Dolna Banjica (Долна Бањица; Aşağı Banisa; Banjicë e Poshtme) is a village in the municipality of Gostivar, North Macedonia. Its FIPS code was MK27.

==History==
Dolna Banjica is attested in the 1467/68 Ottoman tax registry (defter) for the Nahiyah of Kalkandelen. The village had a total of 34 Christian households, 2 widows and 2 bachelors.

A policy of Turkification of the Albanian population was employed by the Yugoslav authorities in cooperation with the Turkish government, stretching the period of 1948–1959. Starting in 1948, Turkish schools were opened in areas with large Albanian majorities, such as Gorna Banjica and Dolna Banjica.

==Demographics==

According to the 1942 Albanian census, Dolna Banjica was inhabited by 987 Muslim Albanians, 139 Serbophone Orthodox Albanians, 25 Serbs and 11 Macedonians.

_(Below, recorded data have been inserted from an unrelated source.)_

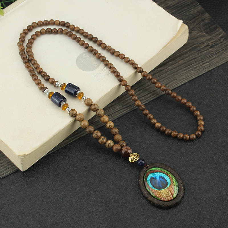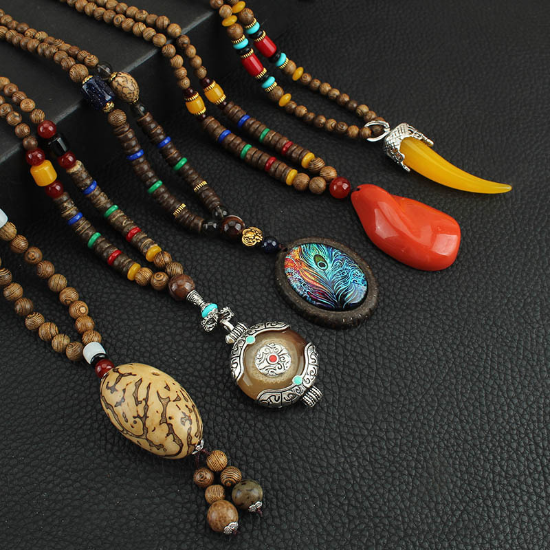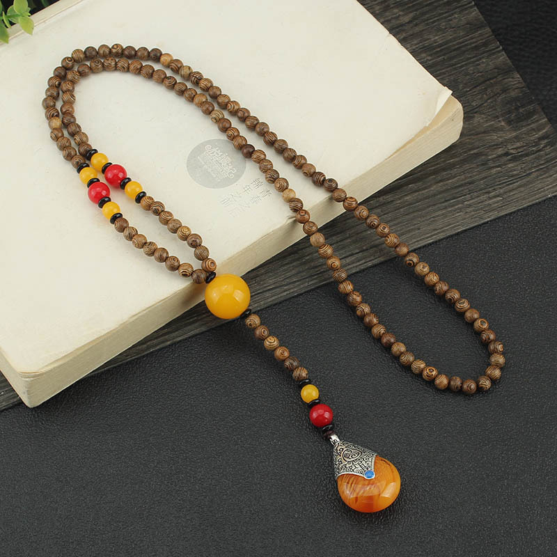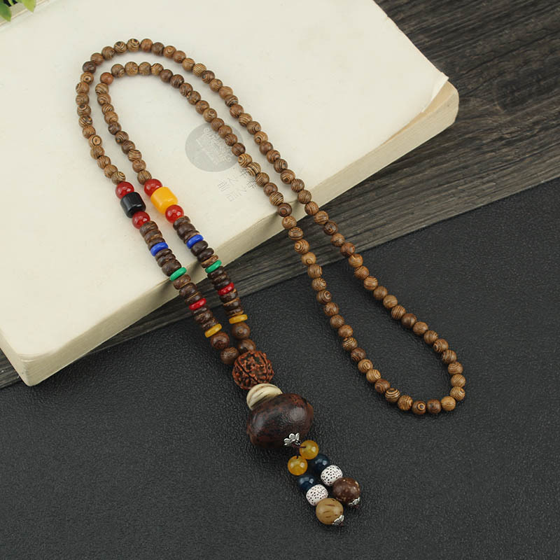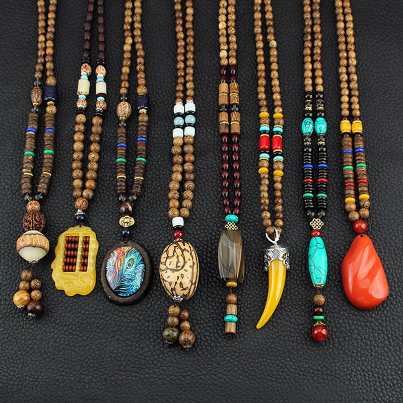 Главная страница > Easiest для мужчин и женщин, свитер в этническом стиле в стиле ретро, цепочка Bodhi, длинный деревянный кулон, бусины Будды, ожерелье, аксессуары для одежды, кулон
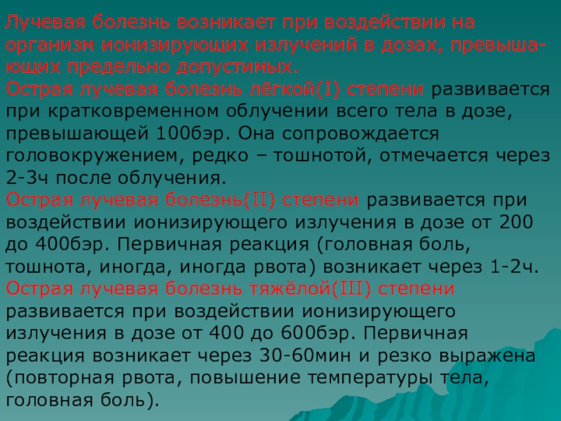 Острая лучевая болезнь лёгкой(I) степени развивается при кратковременном облучении всего тела в дозе, превышающей 100бэр. Она сопровождается головокружением, редко – тошнотой, отмечается через 2-3ч после облучения.
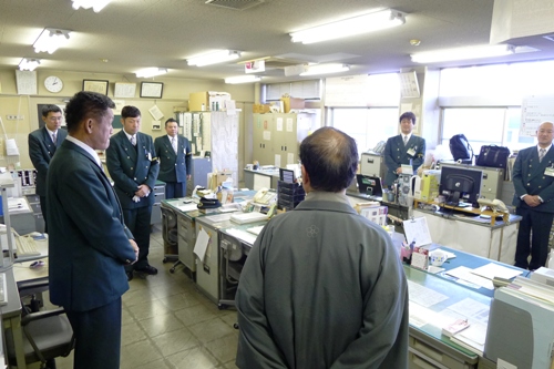 所長を先頭に職員がきびきびと働く姿。現場の第一線で職員が一丸となって、市民の皆さんのためにと頑張っていることを実感。作業に出発する職員一人一人に手を上げて激励しました。
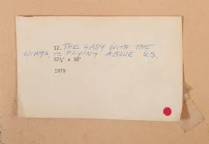 na odwr. l.g. nalepka galerii Aberbach Fine Art z Nowego Jorku z danymi pracy [tytuł: Untitled], niżej (w poł. wysokości) nalepka mpis i dłg.: 12. THE LADY WITH THE | WINGS IS FLYING ABOVE US | [dalej mpis:] 871” x 58” | 1979, w p.g. rogu dłg. pionowo: S. tylna

The Yugoslav census of 1953 recorded 1,445 people of whom 939 were Albanians, 264 Macedonians, 218 Turks, 13 Romani and 11 others. The 1961 Yugoslav census recorded 1,498 people of whom 240 were Albanians, 898 Turks, 325 Macedonians and 35 others. The 1971 census recorded 2,484 people of whom 729 were Albanians, 1,074 Turks, 656 Macedonian and 25 others. The 1981 Yugoslav census recorded 4,251 people of whom 1,540 were Albanians, 1,405 Macedonians, 1,234 Turks, 25 Bosniaks and 47others. The Macedonian census of 1994 recorded 5,408 people of whom 2,810 were Albanians, 1,236 Turks, 1,150 Macedonians, 189 Romani and 23 others.

According to the 2002 census, the village had a total of 4,356 inhabitants. Ethnic groups in the village include:

- Albanians 2,444
- Turks 1,524
- Macedonians 355
- Romani 9
- Serbs 1
- Bosniaks 1
- Others 23

As of the 2021 census, Dolna Banjica had 3,138 residents with the following ethnic composition:
- Turks 1,254
- Albanians 1,166
- Macedonians 391
- Persons for whom data are taken from administrative sources 307
- Roma 14
- Others 6

==Sports==
The local football club FC Genç Kalemler has played in the Macedonian Second Football League.